Your engagement in this process helps ensure a fair and constructive review outcome. Thank you for your time and dedication to maintaining the high standards of NeurIPS. Your thoughtful participation in this phase is greatly appreciated!
Best regards,
Area Chair
Summary: The paper introduces MeCeFO, a novel fault-tolerant optimization technique for large language model (LLM) training, designed to handle node failures efficiently. It employs selective skip reconnection, activation recomputation, and low-rank gradient approximation to minimize computational and memory overhead during failure recovery. The paper provides theoretical convergence guarantees and empirical evaluations on LLAMA models (350M, 1B, and 7B), comparing MeCeFO against baselines like Bamboo and Oobleck.
Strengths:
- Reviewers unanimously praise the novelty of MeCeFO, particularly its use of skip connections at the multi-head attention (MHA) component and low-rank gradient approximations to balance accuracy and computational efficiency. The approach creatively leverages the noise-robust nature of SGD, offering a fresh perspective on fault-tolerant training.
- The paper provides a robust convergence analysis, demonstrating that MeCeFO achieves convergence rates comparable to standard distributed SGD under mild assumptions. This theoretical backing strengthens confidence in the algorithm’s reliability.
- The experimental results are compelling, showing MeCeFO’s superior resilience to frequent failures and maintaining high training throughput across various model sizes and failure settings. The inclusion of ablation studies in the appendix further supports the robustness of the approach.
- The optimization techniques are well-reasoned, effectively addressing the trade-off between computational overhead and fault tolerance. The approximation-based strategy is particularly noted for its practical relevance in large-scale training.
Weaknesses:
- Reviewers highlight that the evaluation focuses primarily on final perplexity without assessing downstream transfer capabilities (e.g., zero-shot or few-shot performance) or generative quality metrics like BLEU. This raises concerns about the generalizability of the final weights.

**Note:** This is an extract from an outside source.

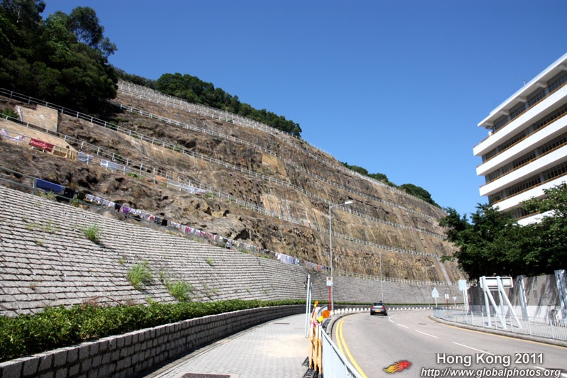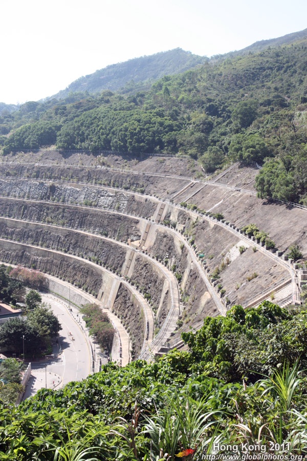 To make room for urban development, hillsides were carved away and reinforced to prevent landslides.

- The assumption of sparse, uniformly random failures is criticized as unrealistic, as real-world failures often cluster on specific nodes, potentially leading to training bias or instability. The paper lacks analysis of how MeCeFO handles non-i.i.d. failure patterns or asymmetric loads.
- While the convergence analysis is robust for average-case scenarios, it lacks worst-case analysis, particularly regarding error amplification in early training or critical layers. And it is questioned how the theoretical guarantee accounts for varying failure rates or statistical failure models.

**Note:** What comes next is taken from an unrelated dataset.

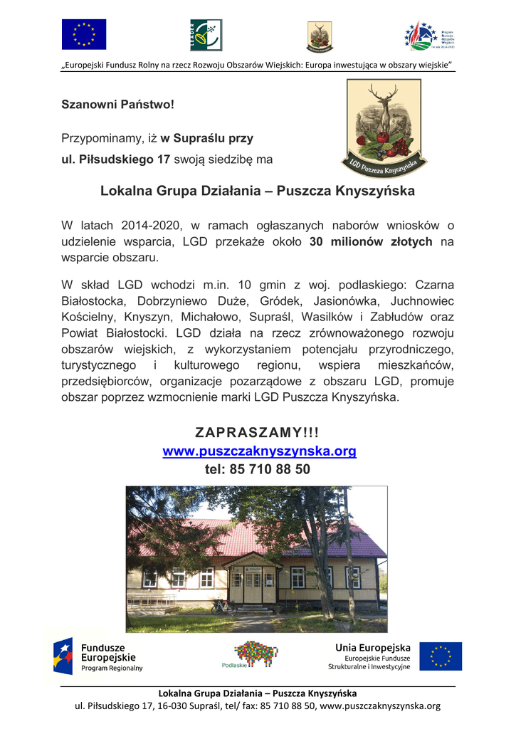 „Europejski Fundusz Rolny na rzecz Rozwoju Obszarów Wiejskich: Europa inwestująca w obszary wiejskie” Szanowni Państwo! Przypominamy, iż w Supraślu przy ul. Piłsudskiego 17 swoją siedzibę ma Lokalna Grupa Działania – Puszcza Knyszyńska W latach 2014-2020, w ramach ogłaszanych naborów wniosków o udzielenie wsparcia, LGD przekaże około 30 milionów złotych na wsparcie obszaru. W skład LGD wchodzi m.in. 10 gmin z woj. podlaskiego: Czarna Białostocka, Dobrzyniewo Duże, Gródek, Jasionówka, Juchnowiec Kościelny, Knyszyn, Michałowo, Supraśl, Wasilków i Zabłudów oraz Powiat Białostocki. LGD działa na rzecz zrównoważonego rozwoju obszarów wiejskich, z wykorzystaniem potencjału przyrodniczego, turystycznego i kulturowego regionu, wspiera mieszkańców, przedsiębiorców, organizacje pozarządowe z obszaru LGD, promuje obszar poprzez wzmocnienie marki LGD Puszcza Knyszyńska. ZAPRASZ AMY!!! www.puszczaknyszynska.org tel: 85 710 88 50 Lokalna Grupa Działania – Puszcza Knyszyńska ul. Piłsudskiego 17, 16-030 Supraśl, tel/ fax: 85 710 88 50, www.puszczaknyszynska.org

- MeCeFO is tailored to specific hybrid parallel strategies (e.g., DP group recomputation), but its applicability to tensor parallelism (TP) groups is unclear. Reviewers note that recomputation of entire TP/PP groups may involve healthy nodes, potentially increasing overhead.
- The empirical evaluation assumes idealized failure models (constant frequency) and lacks discussion of varied failure causes, such as network flips or hardware replacements, which could affect recovery times and frequencies. The choice of node recovery times (up to an hour) is not well-justified, and shorter failure intervals (e.g., 5–15 minutes) are not explored.
After Rebuttal, all reviewers give positive scores of this paper and most of concerns are addressed. Thus, I recommend Accept.
However, the paper is not recommended for a spotlight or oral presentation due to significant concerns about the scope of its evaluation and assumptions. The algorithm modifies the training process substantially, yet the experiments lack large-scale validation to confirm its effectiveness in real-world, diverse failure scenarios. The absence of downstream task evaluations and the reliance on idealized failure models limit confidence in its generalizability. Additionally, the lack of worst-case theoretical analysis and clarity on handling varied parallelism strategies (e.g., TP groups) suggests that further investigation is needed to establish its robustness across practical settings.